▶ _Exercise details_
Leave the pictures out and print every record below exactly as it stands.

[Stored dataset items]

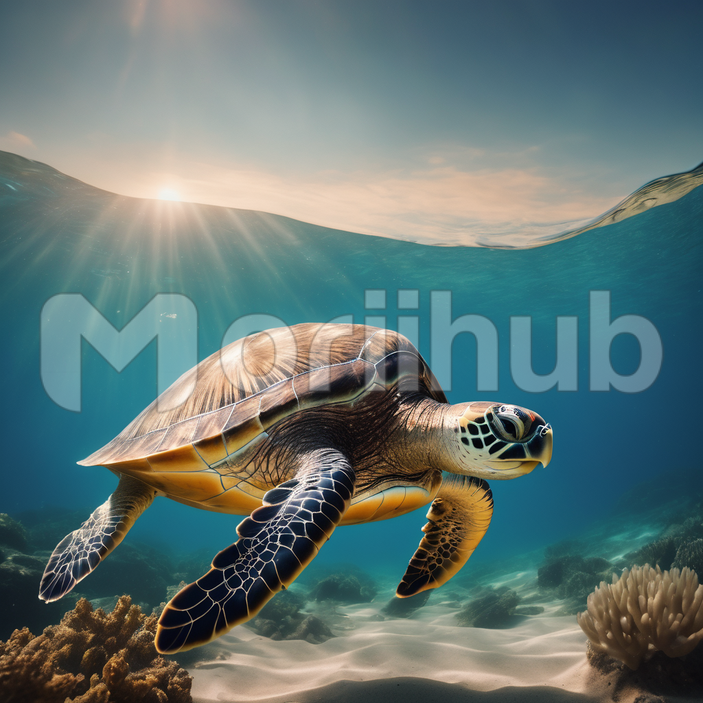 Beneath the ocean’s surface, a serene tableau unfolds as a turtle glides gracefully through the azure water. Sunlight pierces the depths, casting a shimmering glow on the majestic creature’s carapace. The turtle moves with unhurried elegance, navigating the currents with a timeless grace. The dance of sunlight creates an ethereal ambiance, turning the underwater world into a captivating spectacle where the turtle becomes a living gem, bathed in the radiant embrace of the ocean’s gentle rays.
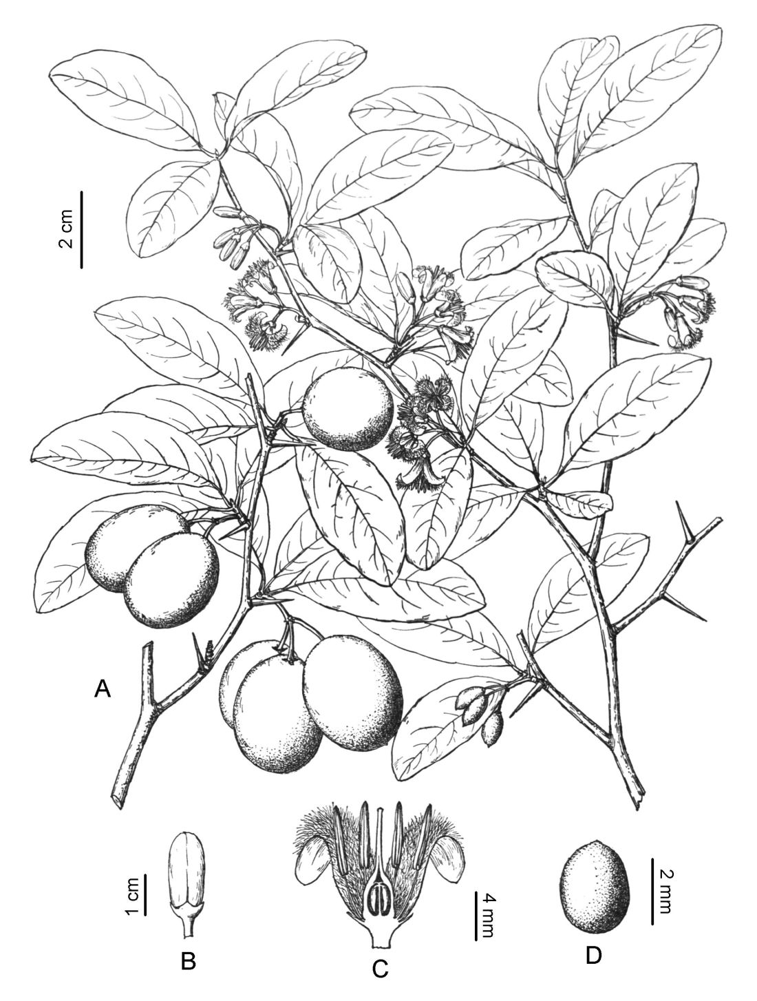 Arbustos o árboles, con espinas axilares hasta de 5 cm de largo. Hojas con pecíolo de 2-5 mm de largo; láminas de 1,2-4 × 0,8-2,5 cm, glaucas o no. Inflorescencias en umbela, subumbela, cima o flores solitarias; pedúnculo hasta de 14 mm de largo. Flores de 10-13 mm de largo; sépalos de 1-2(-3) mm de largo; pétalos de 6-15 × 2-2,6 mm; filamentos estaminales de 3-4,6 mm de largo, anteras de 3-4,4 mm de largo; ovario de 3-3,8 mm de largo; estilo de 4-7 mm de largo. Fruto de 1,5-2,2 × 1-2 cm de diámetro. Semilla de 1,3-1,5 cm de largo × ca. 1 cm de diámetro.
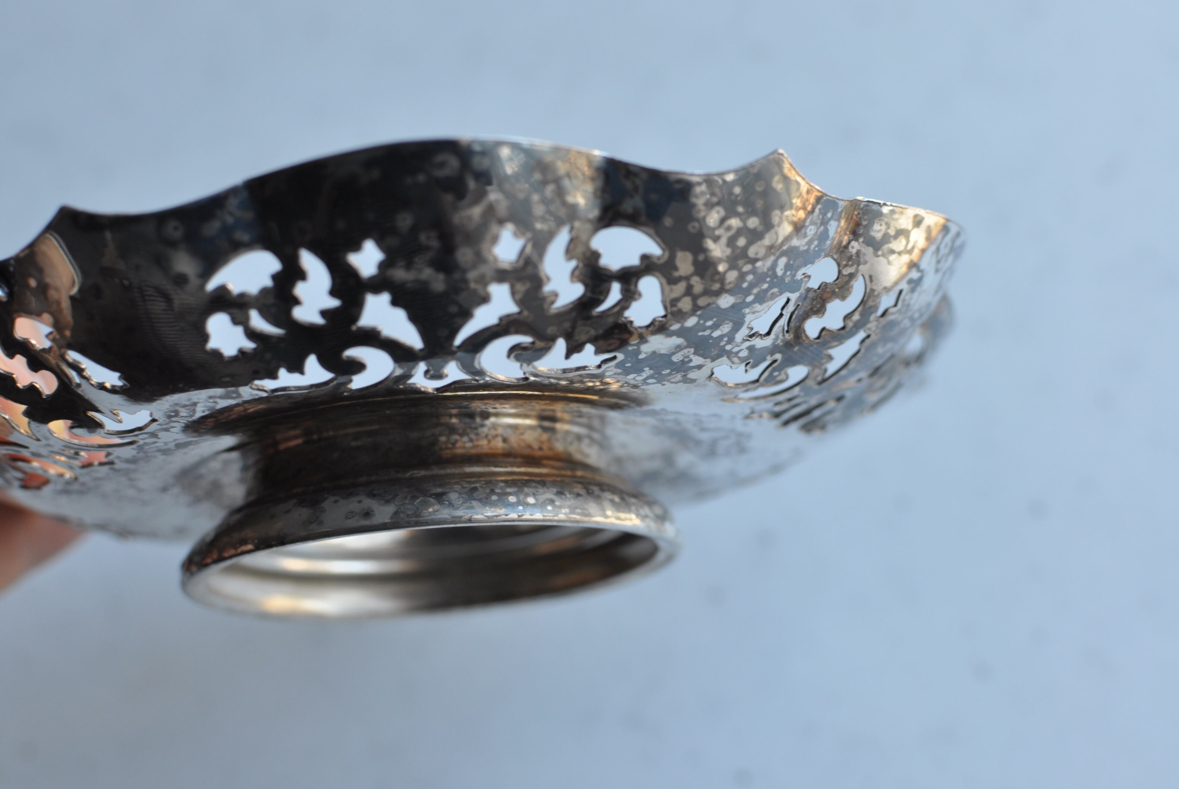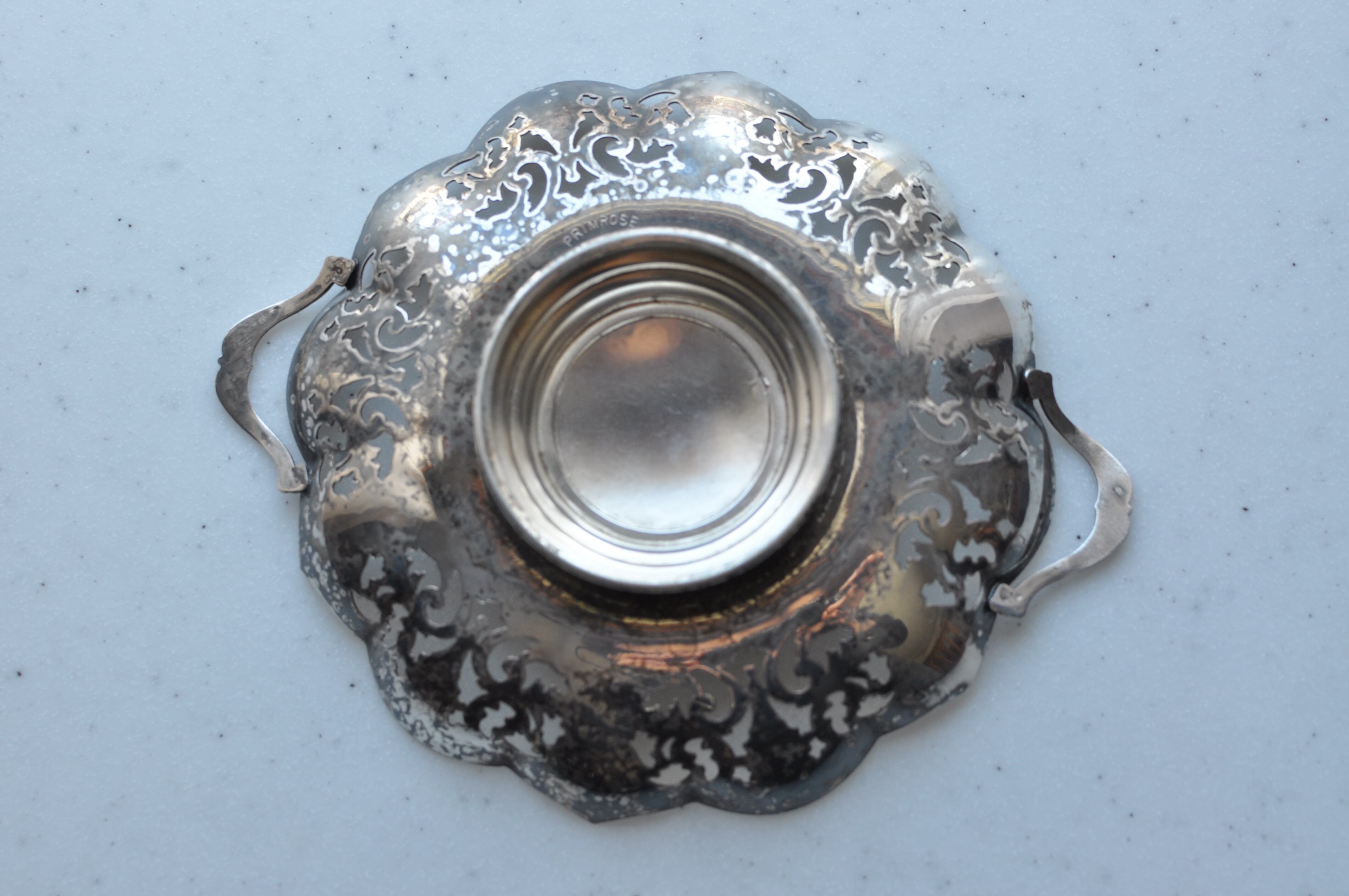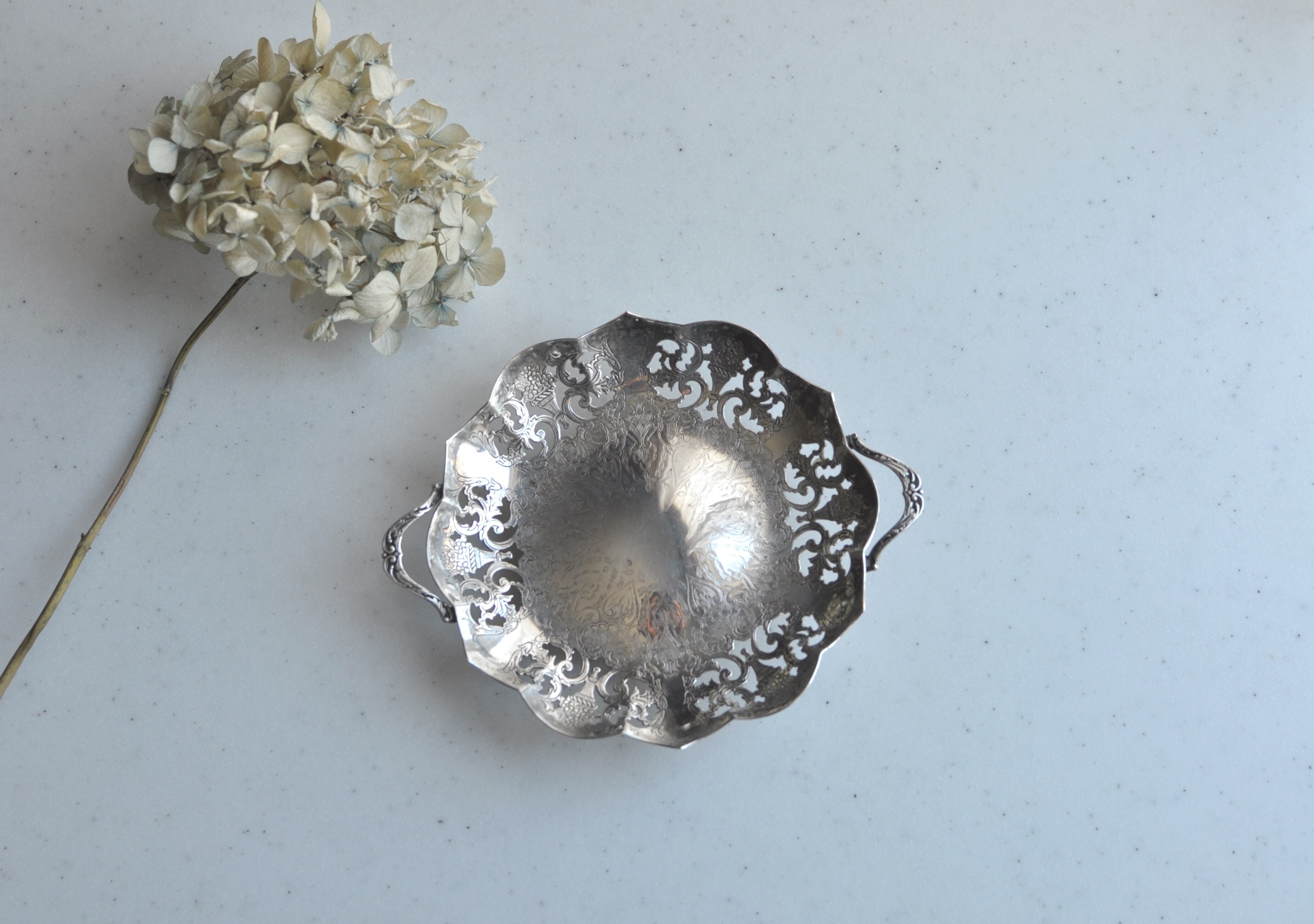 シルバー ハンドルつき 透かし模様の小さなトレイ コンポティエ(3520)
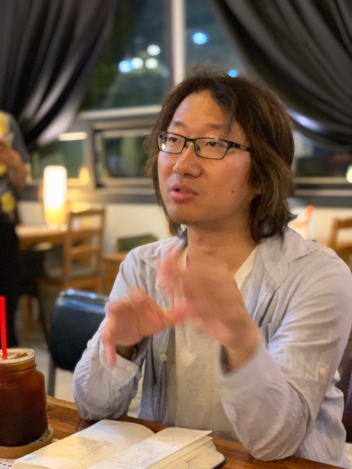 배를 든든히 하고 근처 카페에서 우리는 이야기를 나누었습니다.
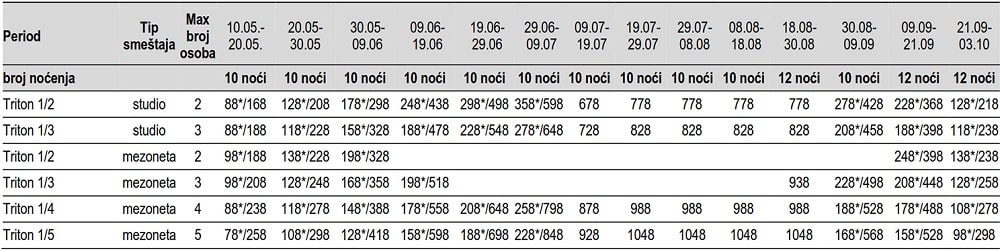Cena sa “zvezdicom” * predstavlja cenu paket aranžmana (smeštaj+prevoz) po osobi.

▶ _Output_
 Beneath the ocean’s surface, a serene tableau unfolds as a turtle glides gracefully through the azure water. Sunlight pierces the depths, casting a shimmering glow on the majestic creature’s carapace. The turtle moves with unhurried elegance, navigating the currents with a timeless grace. The dance of sunlight creates an ethereal ambiance, turning the underwater world into a captivating spectacle where the turtle becomes a living gem, bathed in the radiant embrace of the ocean’s gentle rays.
 Arbustos o árboles, con espinas axilares hasta de 5 cm de largo. Hojas con pecíolo de 2-5 mm de largo; láminas de 1,2-4 × 0,8-2,5 cm, glaucas o no. Inflorescencias en umbela, subumbela, cima o flores solitarias; pedúnculo hasta de 14 mm de largo. Flores de 10-13 mm de largo; sépalos de 1-2(-3) mm de largo; pétalos de 6-15 × 2-2,6 mm; filamentos estaminales de 3-4,6 mm de largo, anteras de 3-4,4 mm de largo; ovario de 3-3,8 mm de largo; estilo de 4-7 mm de largo. Fruto de 1,5-2,2 × 1-2 cm de diámetro. Semilla de 1,3-1,5 cm de largo × ca. 1 cm de diámetro.
 シルバー ハンドルつき 透かし模様の小さなトレイ コンポティエ(3520)
 배를 든든히 하고 근처 카페에서 우리는 이야기를 나누었습니다.
Cena sa “zvezdicom” * predstavlja cenu paket aranžmana (smeštaj+prevoz) po osobi.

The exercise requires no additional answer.